Combination And Group Problems
"A combination and a form indeed."
Hamlet, iii. 4.
Various puzzles in this class might be termed problems in the "geometry of situation,"
but their solution really depends on the theory of combinations which, in its turn, is
derived directly from the theory of permutations. It has seemed convenient to include
here certain group puzzles and enumerations that might, perhaps, with equal reason have
been placed elsewhere; but readers are again asked not to be too critical about the
classification, which is very difficult and arbitrary.
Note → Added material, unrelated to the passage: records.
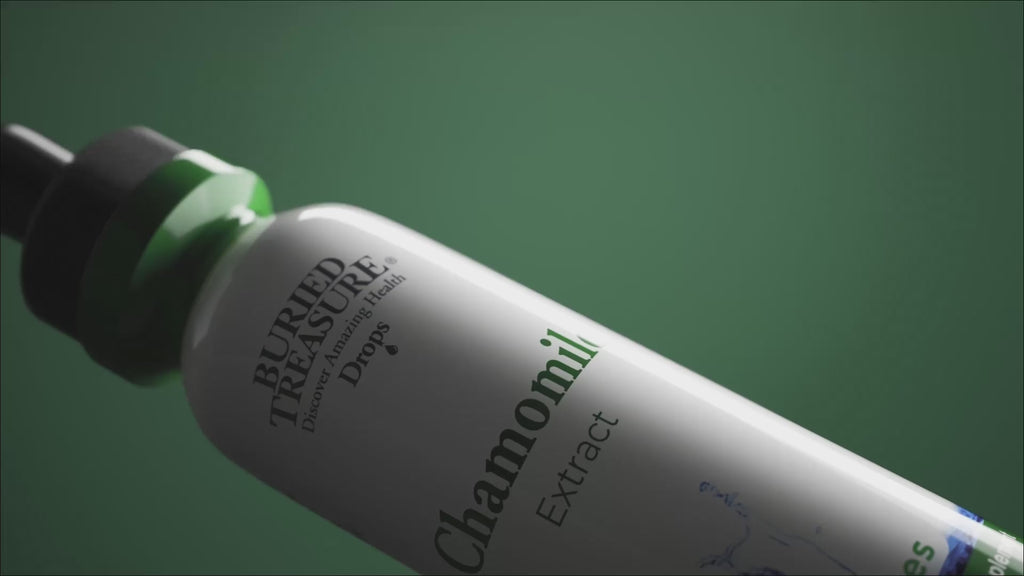 Explore the soothing essence of chamomile with Buried Treasure's Chamomile Extract Drops. Crafted from Matricaria chamomile flowers, this supplement captures the natural compounds known for their calming properties, including apigenin and bisabolol. The extraction process to preserve the active ingredients providing you with a, alcohol-free formula that integrates seamlessly into your daily routine.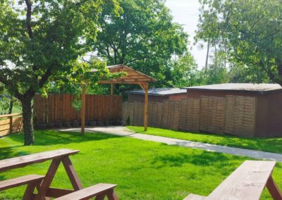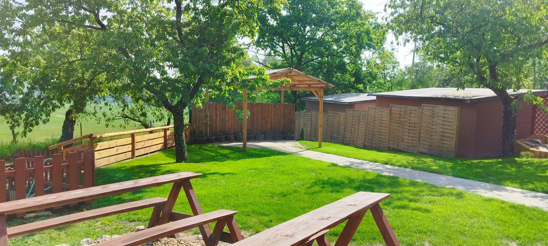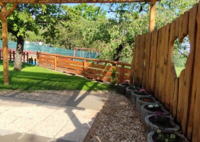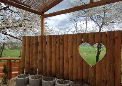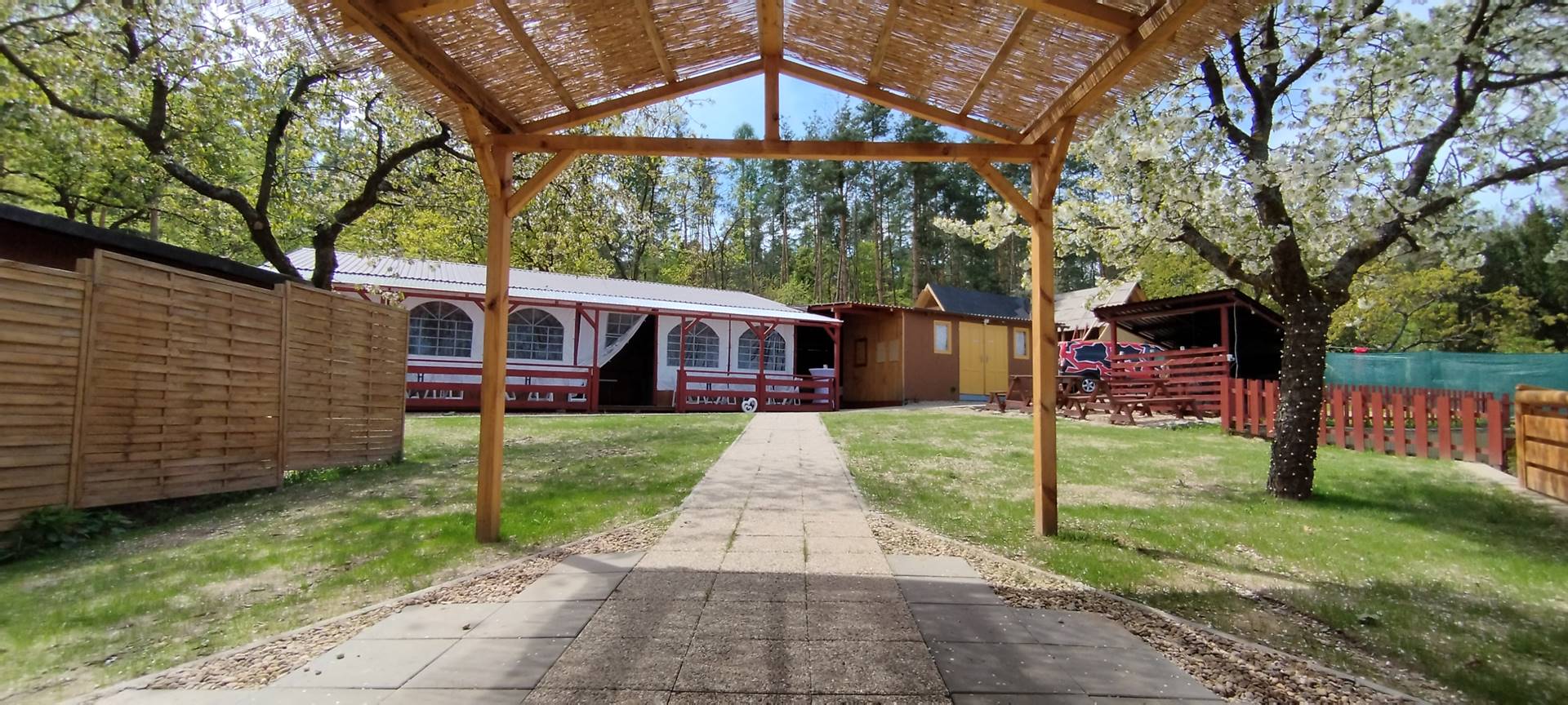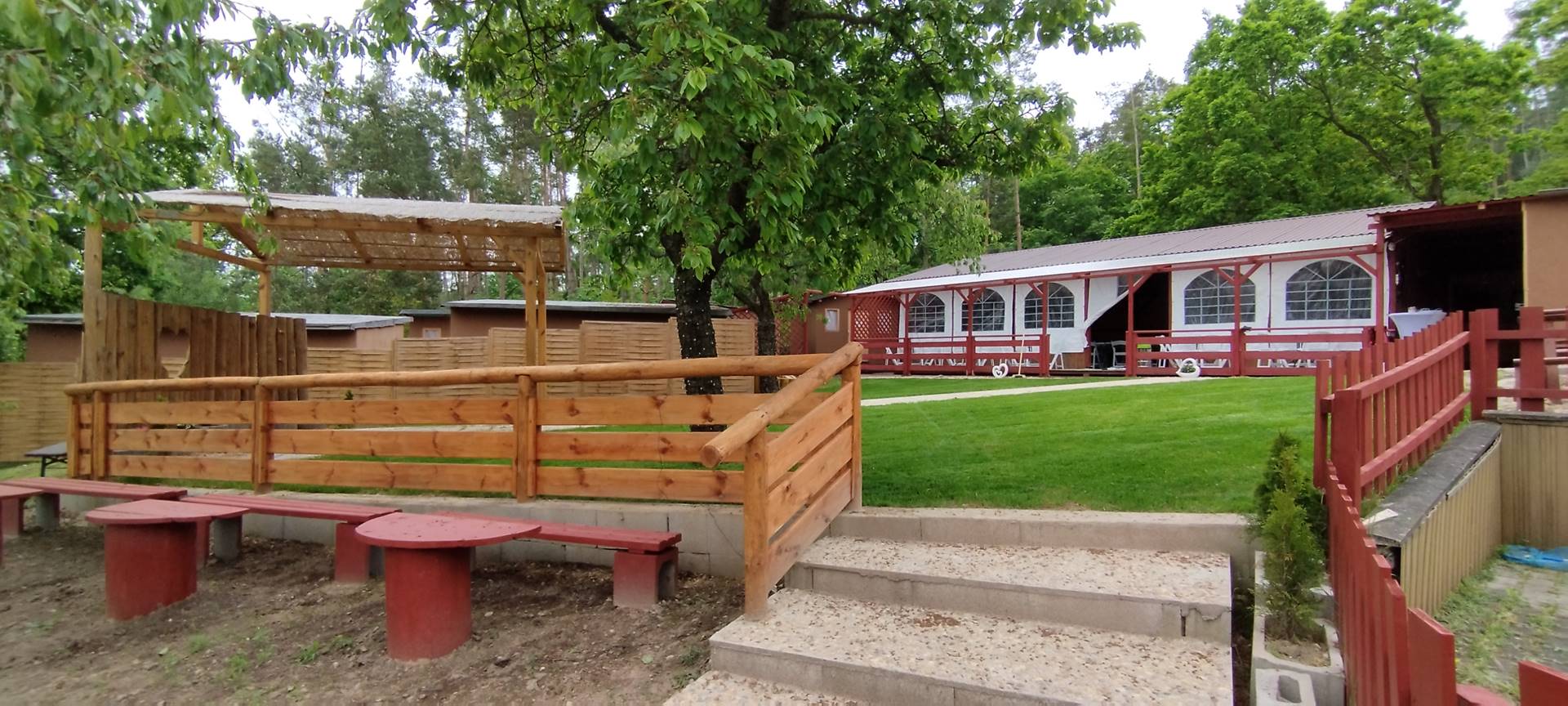 - Prostorná pergola – altán 8 m x12 m, bar, menší sklad, kuchyňka a místo pro tanec.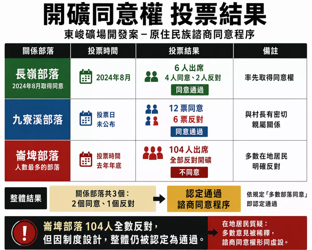 儘管崙埤部落明確表達反對,但由於「關係部落」共三個,其中兩個部落同意、一個反對,最終整體仍被認定為通過諮商同意程序。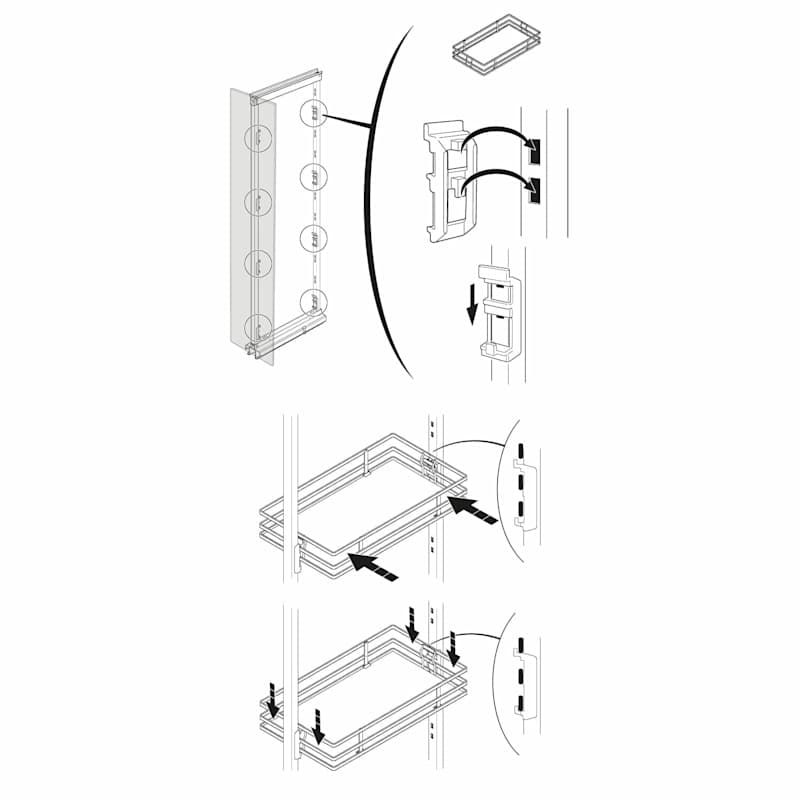 • Zum Einhängen in den Tragrahmen Olona• HDF Boden (5 mm) weiss bzw. anthrazit• Flachdraht-Reling Stahl

As I have included my problem of
"The Round Table" (No. 273), perhaps a few remarks on another well-known problem of
the same class, known by the French as La Problême des Ménages, may be interesting. If
n married ladies are seated at a round table in any determined order, in how many
different ways may their n husbands be placed so that every man is between two ladies
but never next to his own wife?
This difficult problem was first solved by Laisant, and the method shown in the following
table is due to Moreau:—
4 0 2
5 3 13
6 13 80
7 83 579
8 592 4738
9 4821 43387
10 43979 439792
The first column shows the number of married couples. The numbers in the second
column are obtained in this way: 5 × 3 + 0 - 2 = 13; 6 × 13 + 3 + 2 = 83; 7 × 83 + 13 -
2 = 592; 8 × 592 + 83 + 2 = 4821; and so on. Find all the numbers, except 2, in the table,
and the method will be evident. It will be noted that the 2 is subtracted when the first
number (the number of couples) is odd, and added when that number is even. The
numbers in the third column are obtained thus: 13 - 0 = 13; 83 - 3 = 80; 592 - 13 = 579;
4821 - 83 = 4738; and so on. The numbers in this last column give the required solutions.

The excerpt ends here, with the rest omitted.